Fig. 2 is the process flow diagram of the title difference of an embodiment of the present invention;
Fig. 3 is definite Feature Words set of an embodiment of the present invention and the process flow diagram for the treatment of the similarity between difference POI information;
Fig. 4 is the POI information difference overall flow figure of an embodiment of the present invention;
Fig. 5 is the structured flowchart of the POI information gap separating device of an embodiment of the present invention;
Fig. 6 is the structured flowchart of the similarity determination module of an embodiment of the present invention.
Embodiment
For making the technical problem to be solved in the present invention, technical scheme and advantage clearer, be described in detail below in conjunction with the accompanying drawings and the specific embodiments.
As shown in Figure 1, the process flow diagram for the POI information gap separating method of an embodiment of the present invention, comprising:
Step S101: will treat that difference POI information disassembles into a plurality of First Characteristic words;
Step S102: a plurality of First Characteristic words are combined, and obtain POI by search engine inquiry and gather;
Step S103: calculate in POI set each POI information and treat the first similarity between difference POI information;
Step S104: select one or more POI information as the difference result for the treatment of difference POI information according to described the first similarity.
The present invention disassembles into a plurality of Feature Words by the POI information of obtaining, this Feature Words combination is obtained to POI by search engine gathers, and POI information and treat that the similarity between difference POI information exports difference result in gathering by POI, the difference method of this POI information can calculate the similarity of POI more accurately, Feature Words after simultaneously utilizing these to split, can be combined into more querying condition, thereby inquire how possible result, improve the matching rate of system.After the selected Feature Words set of output, and the selected Feature Words set of output is carried out to Accuracy Verification to existing POI inquiry storehouse, generate POI data accurately, and according to the database of the described Data Update of POI accurately electronic chart.

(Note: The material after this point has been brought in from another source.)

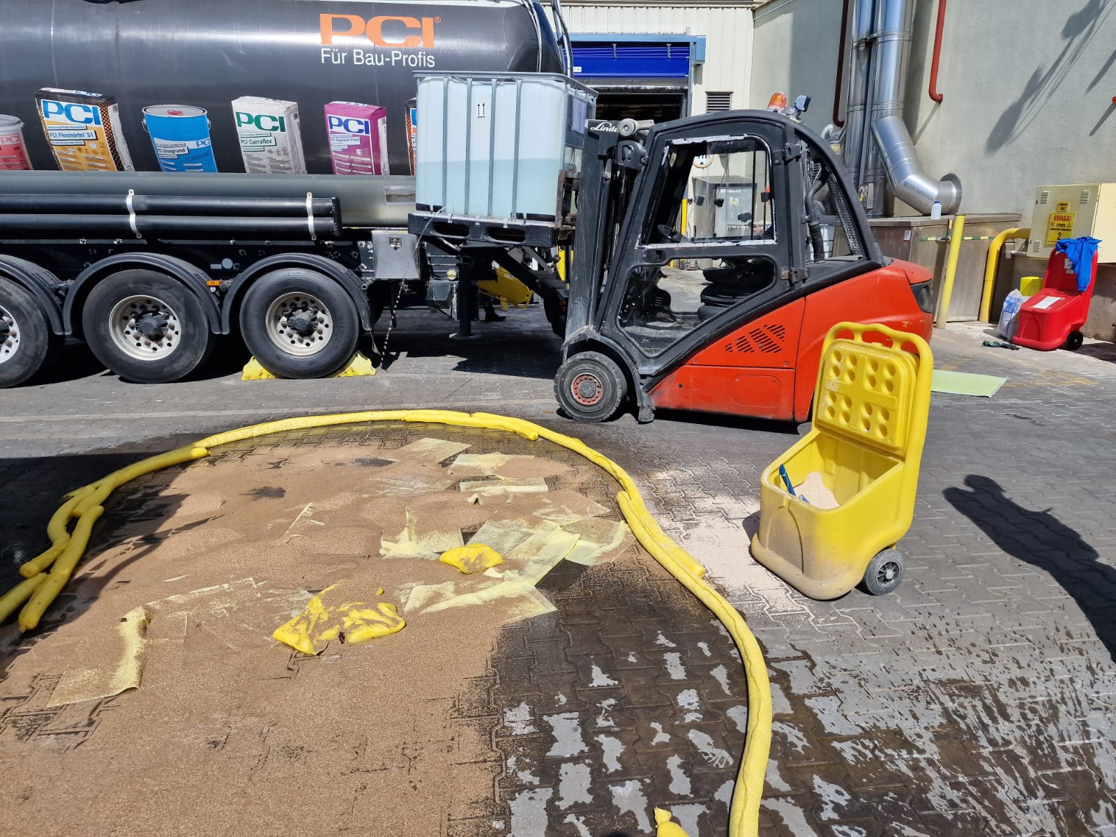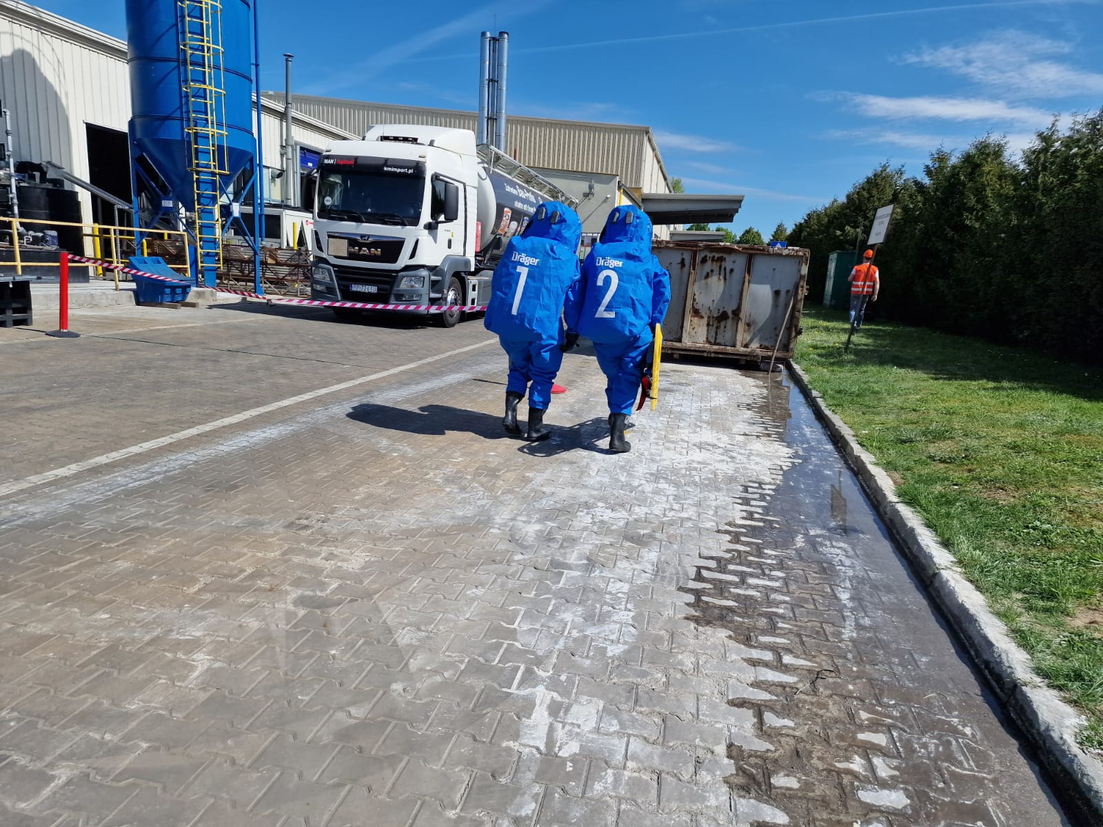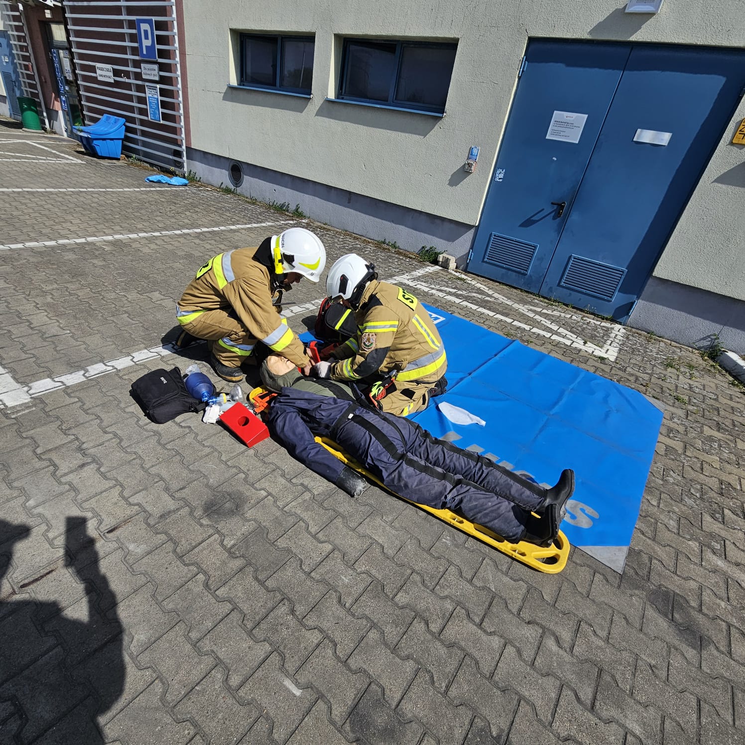W dniach 28-30 kwietnia 2025 roku odbył się cykl ćwiczeń połączonych z rozpoznaniem operacyjnym obiektów hali anodowni w zakładzie produkcyjnym Hydro Extrusion Poland w Trzciance. W ćwiczeniach brali udział strażacy z Jednostki Ratowniczo-Gaśniczej PSP Nr 2 z Trzcianki; Specjalistycznej Grupy Ratownictwa Chemiczno-Ekologicznego wchodzącej w skład struktury organizacyjnej JRG PSP Nr 1 w Pile oraz druhowie z jednostek Ochotniczych Straży Pożarnych z terenu gm. Trzcianka, w tym m.in. z OSP KSRG w Białej, OSP w Stobnie oraz OSP w Niekursku. W pierwszym dniu ćwiczeń scenariusz przewidywał udzielenie pomocy i ewakuację osobie, która została przejechana przez wózek widłowy w hali magazynowej. W kolejnym dniu zmiana służbowa zmagała się z udzieleniem KPP i ewakuacją z wysokości pracownika, który doznał zawału serca podczas prac konserwacyjnych na dachu obiektu. W ostatnim dniu doskonalenia, plan przewidywał uszkodzenie płaszcza cysterny przez jadący wózek widłowy. W wyniku tego zdarzenia doszło do wycieku substancji żrącej, a poszkodowanych zostało 5 osób. Po przeprowadzeniu ewakuacji przez osobę odpowiedzialną, zadaniem ratowników było zlokalizowanie wycieku, ewakuacja ze strefy zagrożenia osób poszkodowanych oraz udzielenie im kwalifikowanej pierwszej pomocy. Następnie wraz z ratownikami z SGRChem-Eko dalsze działania polegały na uszczelnieniu rozerwanego płaszcza cysterny oraz neutralizacji rozlanej substancji. Każdego dnia po zakończeniu ćwiczeń strażacy przeprowadzili rozpoznania operacyjne obiektu, w trakcie których pozyskiwali istotne informacje na temat procesu technologicznego, oraz ewentualnymi zagrożeniami występującymi na terenie zakładu.
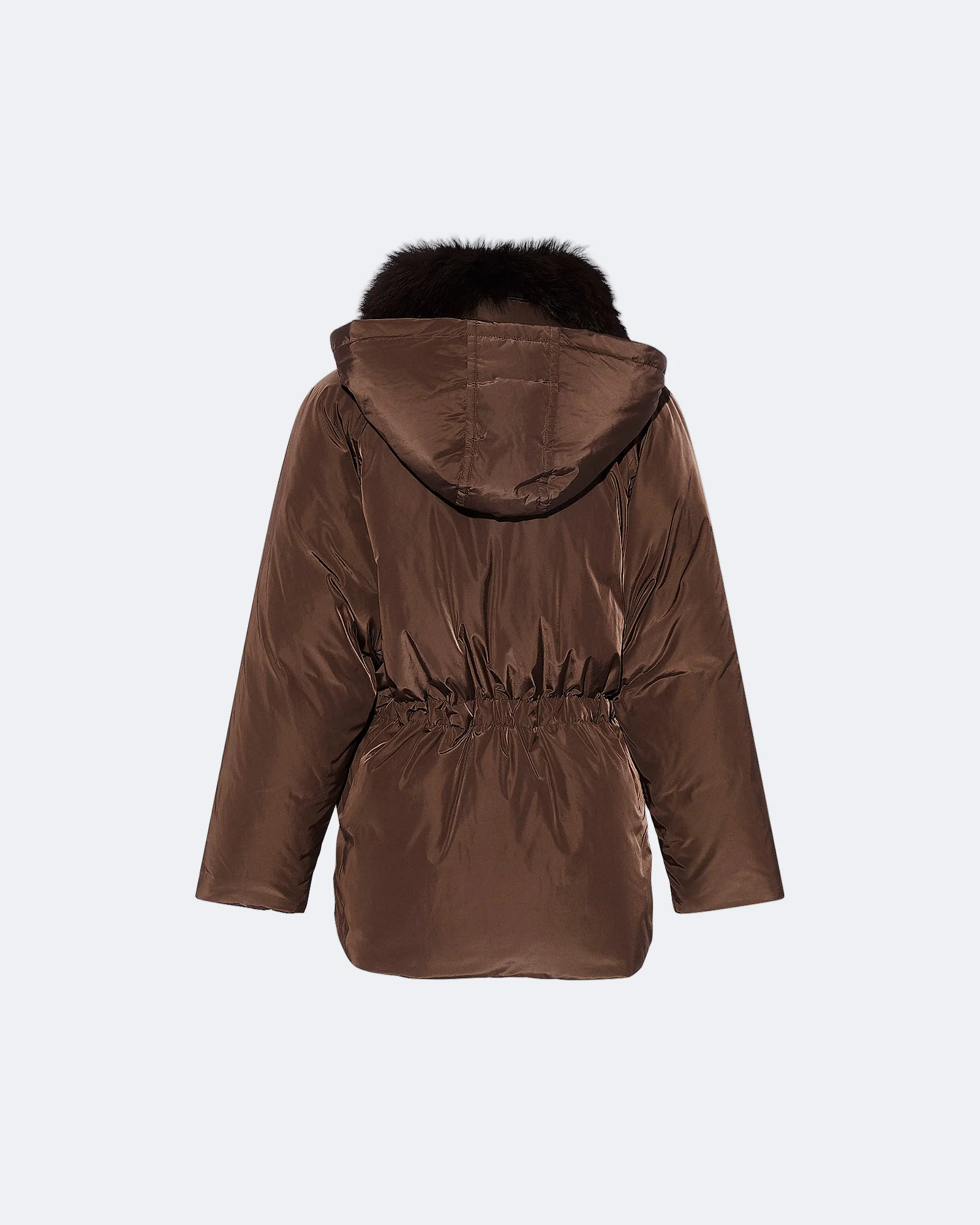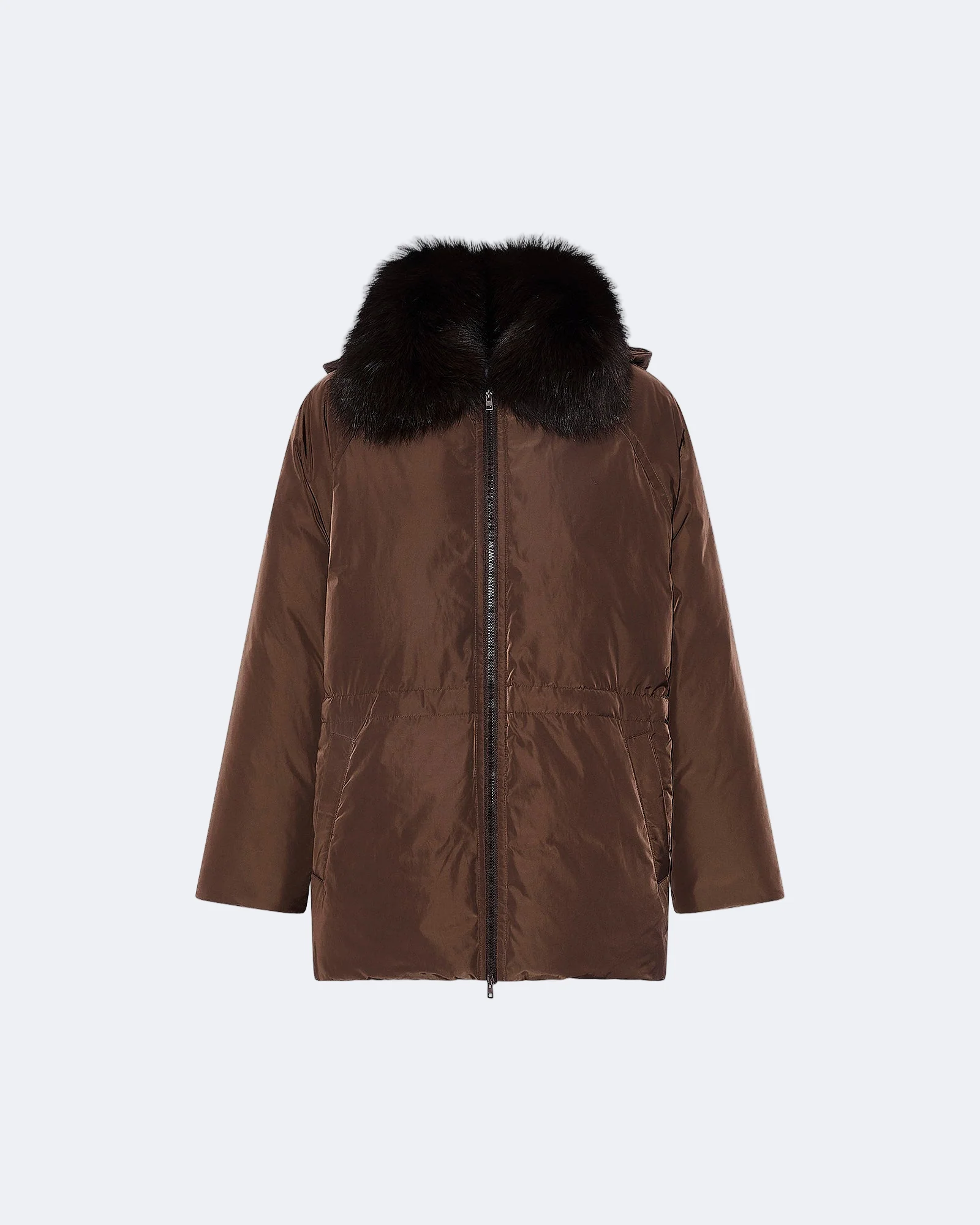 Down cape in matte technical fabric. – Smooth down cape– Length: 78 cm– Removable fox fur collar– Elasticated waist inside– Welt pockets– Centre front zip closure– Lined.

In step S101, the difference POI information for the treatment of of obtaining is disassembled into a plurality of First Characteristic words, can be to carry out title difference and address difference.As shown in Figure 2, be the process flow diagram of the title difference of an embodiment of the present invention, comprise and obtain additional information, obtain another name, remove prefix word, remove suffix word, remove noise word, obtain trunk word.Wherein, title can be split as additional information, another name, prefix word, suffix word, trunk word; For example, after " international trade shop, the chain hotel of Beijing Mu Yang fashion (Bo Li commercial hotel, former Beijing) " splits, prefix word is Beijing; Suffix word is chain hotel; Trunk word is Mu Yang fashion; Additional information is international trade shop; Another name Wei Boli commercial hotel.Title disassembly principle: it is corresponding regular that prefix word mainly relies on corresponding dictionary, another name, trunk word with the fractionation of suffix word, additional information splits main dependence.Address can difference be the address ranks such as province, city, district, small towns, road, community, mark, doorplate.For example, after " the good wooden garden apartment 8-9 floor in No. 978, triumph South Street, Xingqing District, Yinchuan City " splits: city-level-Yinchuan City; Level-Xingqing District, district; Road level-triumph South Street; Doorplate level-No. 978; Mark level-Jia wood garden apartment.Disassembly principle: province, city, district, small towns, road, community, mark, utilize corresponding dictionary; The address ranks such as doorplate are utilized rule; For non-existent word in dictionary, utilize the corresponding rank of Rule.Matching addresses: if the POI of input does not have coordinate, by matching addresses service acquisition coordinate.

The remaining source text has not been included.